The individuals sampled from Stratonikeia and Lagina (Muğla), the west church at Stratonikeia, the Basilica at Iznik (Marmara) and the Ilıpınar cemetery (Orhangazi, Bursa) span a long arc of local history: 262 CE through to 1400 CE. Archaeological contexts — church floors, basilica burial zones and associated funerary deposits — anchor these remains within Byzantine religious and civic landscapes. Stratonikeia and Lagina, located in the Carian-Aegean hinterland, preserve Late Antique to medieval occupation layers; Iznik (ancient Nicaea) is a documented urban and ecclesiastical center from Late Antiquity onward; Ilıpınar sits in the Marmara plains that saw population shifts in the early medieval centuries.
Archaeological data indicates continuity of Christian funerary practice in many contexts, with reuse of older monumental spaces in the medieval period. Limited evidence suggests both local continuity and periodic influxes of people tied to trade, military movement, and administrative reorganization under successive Byzantine authorities.

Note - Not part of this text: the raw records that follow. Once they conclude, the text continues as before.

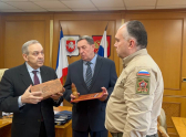 Президент Межрегиональной общественной организации содействия изучению и эксплуатации военной техники «ВОЕННО-ТЕХНИЧЕСКОЕ ОБЩЕСТВО» Алексей Мигалин передал фрагмент стены Директору Международного центра развития социально-значимых проектов «Святые Лавры Руси Православной» Владимиру Березовскому.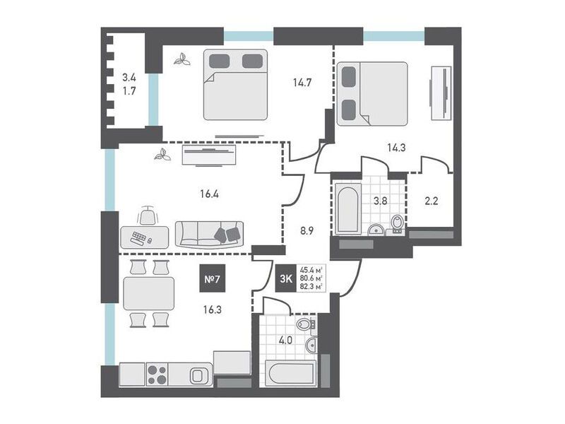 28.7 - 82.3 м²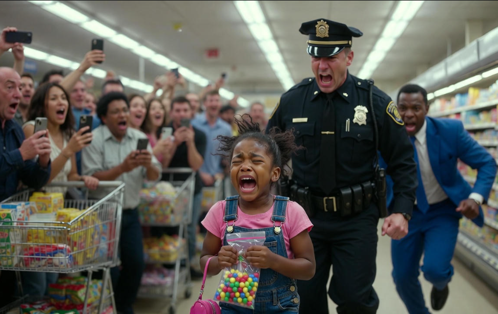 A police officer wrongly accused an eight-year-old Black girl of taking candy from a supermarket without paying. Five minutes later, her father, a prominent CEO, stepped inside the store and left the officer visibly shaken.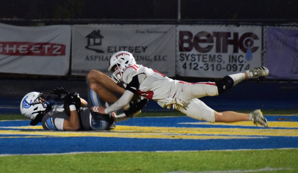 With the Mercy Rule in effect the second half went swiftly with no scoring in the third quarter. Bishop Canevin tacked on its final touchdown on Dominic Cisnero-Torres’ 4-yard run with 9:28 left in the game. The Crusaders; seemingly intent on getting to 50 points, again faked the extra-point kick with Olds throwing a two-point conversion pass to Disnero-Torres.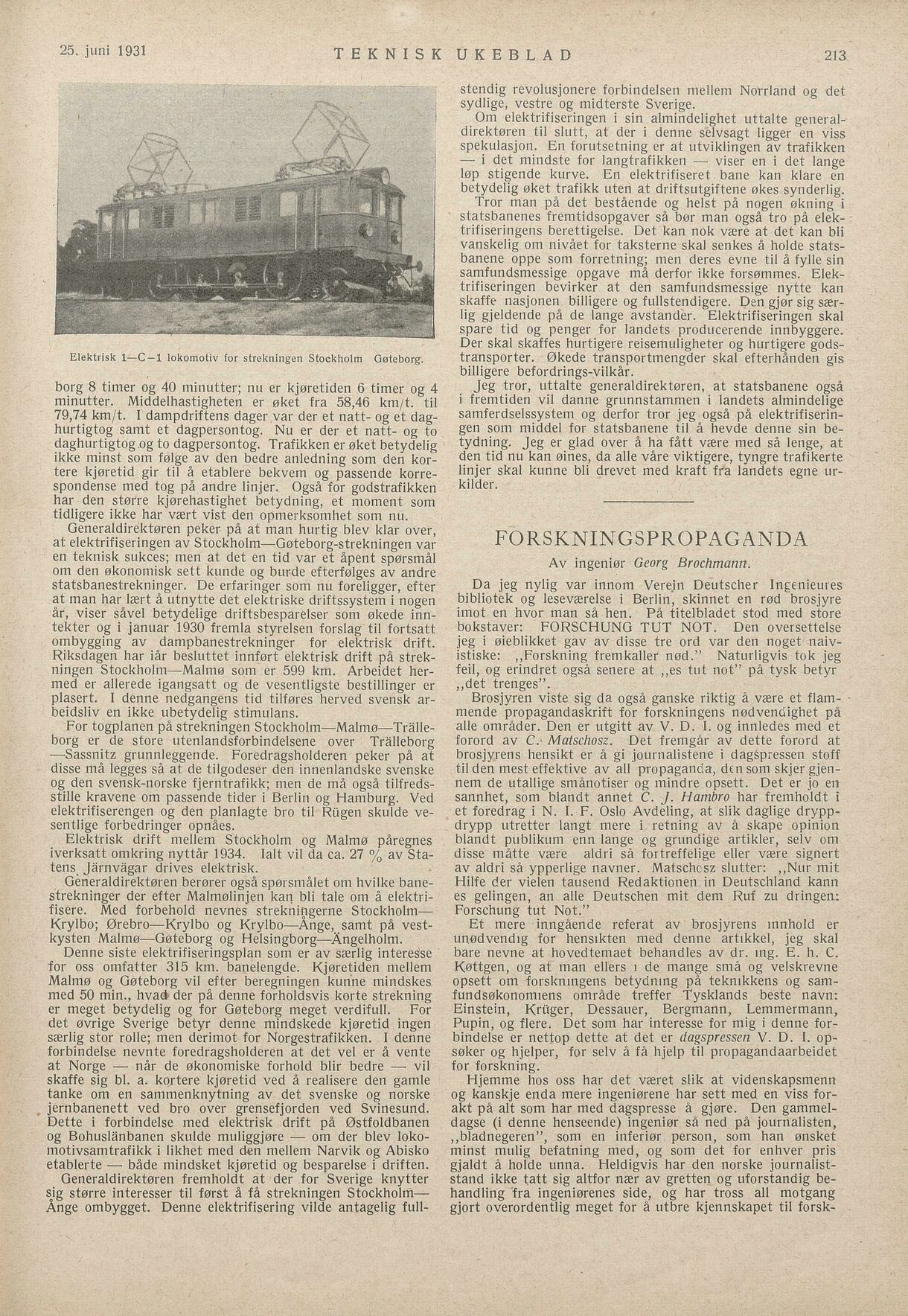 Full resolution (JPEG) - On this page / på denna sida - Nr. 19. 25. juni 1931 - De svenske statsbaners elektrisering, av Axel Granholm, bearbeidelse av Hj. Schreiner - Forskningspropaganda, av Georg Brochmann

The material record — building phases, grave goods, and stratigraphy — points to a region where local Anatolian traditions blended with Mediterranean and Balkan influences.
Given the modest sample size (14 individuals) and uneven preservation, conclusions about broader population origins must remain provisional. Still, these remains illuminate how communities were embedded in the shifting political, economic and religious networks of Byzantine Anatolia.